The easiest way to find the highest of values in a certain column is to use the MAX() aggregate function in PostgreSQL.
Before attempting to answer the question, let’s look at two tables that contain necessary information.
In the db_employee table, we have five columns that store information about each employee.
- The id column contains integer values to identify employees.
- The first_name and last_name columns contain text values - employees’ first and last names.
- The salary column contains an integer that stands for employee salary in dollars.
- Values in the department_id column specify the department the employee belongs to.
In the db_dept table, we have two columns:
- id number that identifies each department
- the department column, a written name of the department (like ‘Marketing’).
Let’s look at both of these tables to better understand the columns and values in them.
It looks like our every assumption about available data was correct.
Numbers in the id column uniquely identify employees. The first_name and last_name columns identify them by their names.
The salary column contains their salary in dollars, and department_id values denote which department they belong to.
Our assumptions are once again correct. Numbers in the id column uniquely identify the department, whereas the department column contains the textual name of the department.
Plan your approach
The information necessary to answer this question is split between two tables. Therefore we’ll have to JOIN them on a shared dimension.
Since records in the db_employee table reference department id values and not department names, the shared dimension is clearly department id.
Once we combine the two tables, we need to find the highest salary in each department. We can use the WHERE clause to only keep employees with marketing value in the department column. And apply the MAX() aggregate function in Postgres. Then we do the same for the other department.
Once we find the highest salary values for the two departments, we need to subtract them.
The question tells us to output the absolute difference between the two, so the subtraction operation needs to be wrapped with the ABS() function.
Once you calculate the difference, It’s also a good idea to give the end result a descriptive name using the AS keyword.
Write the code
Step 1: Find the highest values of the engineering department
Write a query to find the highest salary of the marketing and engineering departments.
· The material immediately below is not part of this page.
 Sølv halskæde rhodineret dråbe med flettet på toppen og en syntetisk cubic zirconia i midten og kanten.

You can use the WHERE clause to specify the department value.
SELECT max(salary) FROM db_employee emp JOIN db_dept dept ON emp.department_id = dept.id WHERE department = 'engineering'
We also need to combine two tables into one based on department id value.
This query will return the highest salary for ‘engineering’ department:
Step 2: Find highest salary of marketing department
This step is going to be very similar to the previous one. Except this time, we need to find the highest salary of ‘Marketing’ department.
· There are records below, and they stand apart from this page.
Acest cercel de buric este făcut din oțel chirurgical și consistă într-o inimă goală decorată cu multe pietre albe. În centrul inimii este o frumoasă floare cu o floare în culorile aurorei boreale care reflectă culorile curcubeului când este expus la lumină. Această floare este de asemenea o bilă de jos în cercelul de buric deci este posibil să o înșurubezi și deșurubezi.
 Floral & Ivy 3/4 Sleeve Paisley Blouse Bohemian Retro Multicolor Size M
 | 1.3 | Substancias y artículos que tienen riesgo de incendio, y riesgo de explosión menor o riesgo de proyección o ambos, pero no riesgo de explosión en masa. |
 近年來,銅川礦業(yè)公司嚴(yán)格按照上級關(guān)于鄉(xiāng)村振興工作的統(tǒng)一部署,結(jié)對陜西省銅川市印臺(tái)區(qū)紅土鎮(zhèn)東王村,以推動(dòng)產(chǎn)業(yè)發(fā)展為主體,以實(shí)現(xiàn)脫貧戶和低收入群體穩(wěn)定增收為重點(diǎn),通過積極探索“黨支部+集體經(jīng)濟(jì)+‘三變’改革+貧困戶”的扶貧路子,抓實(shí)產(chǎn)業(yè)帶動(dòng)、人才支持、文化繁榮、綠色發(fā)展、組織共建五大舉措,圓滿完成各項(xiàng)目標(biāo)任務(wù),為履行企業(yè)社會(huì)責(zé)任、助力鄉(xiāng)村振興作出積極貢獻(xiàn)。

SELECT max(salary) FROM db_employee emp JOIN db_dept dept ON emp.department_id = dept.id WHERE department = 'marketing'
Running this query will have the following output:
Step 3: Find the absolute difference between highest salaries of two departments
Finally, we need to subtract one salary from another to find the difference between them.
Logically, the difference between salaries should not be negative. The question explicitly asks us to find the absolute difference. So we should wrap the subtraction operation with ABS() function.
SELECT ABS((SELECT max(salary) FROM db_employee emp JOIN db_dept dept ON emp.department_id = dept.id WHERE department = 'marketing') - (SELECT max(salary) FROM db_employee emp JOIN db_dept dept ON emp.department_id = dept.id WHERE department = 'engineering')) AS salary_difference
Lastly, we can use the AS command to give the result column a readable name.
Running the query should output the result of the subtraction.
COUNT() Question: Number Of Custom Email Labels
To answer this question, you’ll have to find the number of emails with a custom label.
Find the number of occurrences of custom email labels for each user receiving an email. Output the receiver user id, label, and the corresponding number of occurrences.
Link to the question: https://platform.stratascratch.com/coding/10120-number-of-custom-mail-labels
Understand the question
The main difficulty with this question is that the description does not clearly define what is a custom label. Hopefully looking at data will point us in the right direction. Alternatively, you can get direction from the interviewer.
To solve this challenge, we need to combine data from two tables.
The question description also specifies that we need to output id of the user receiving the email, custom label, and the number of custom labels.
Let’s look at two tables that contain available data for this question.
The google_gmail_emails table contains information about mails sent via Gmail.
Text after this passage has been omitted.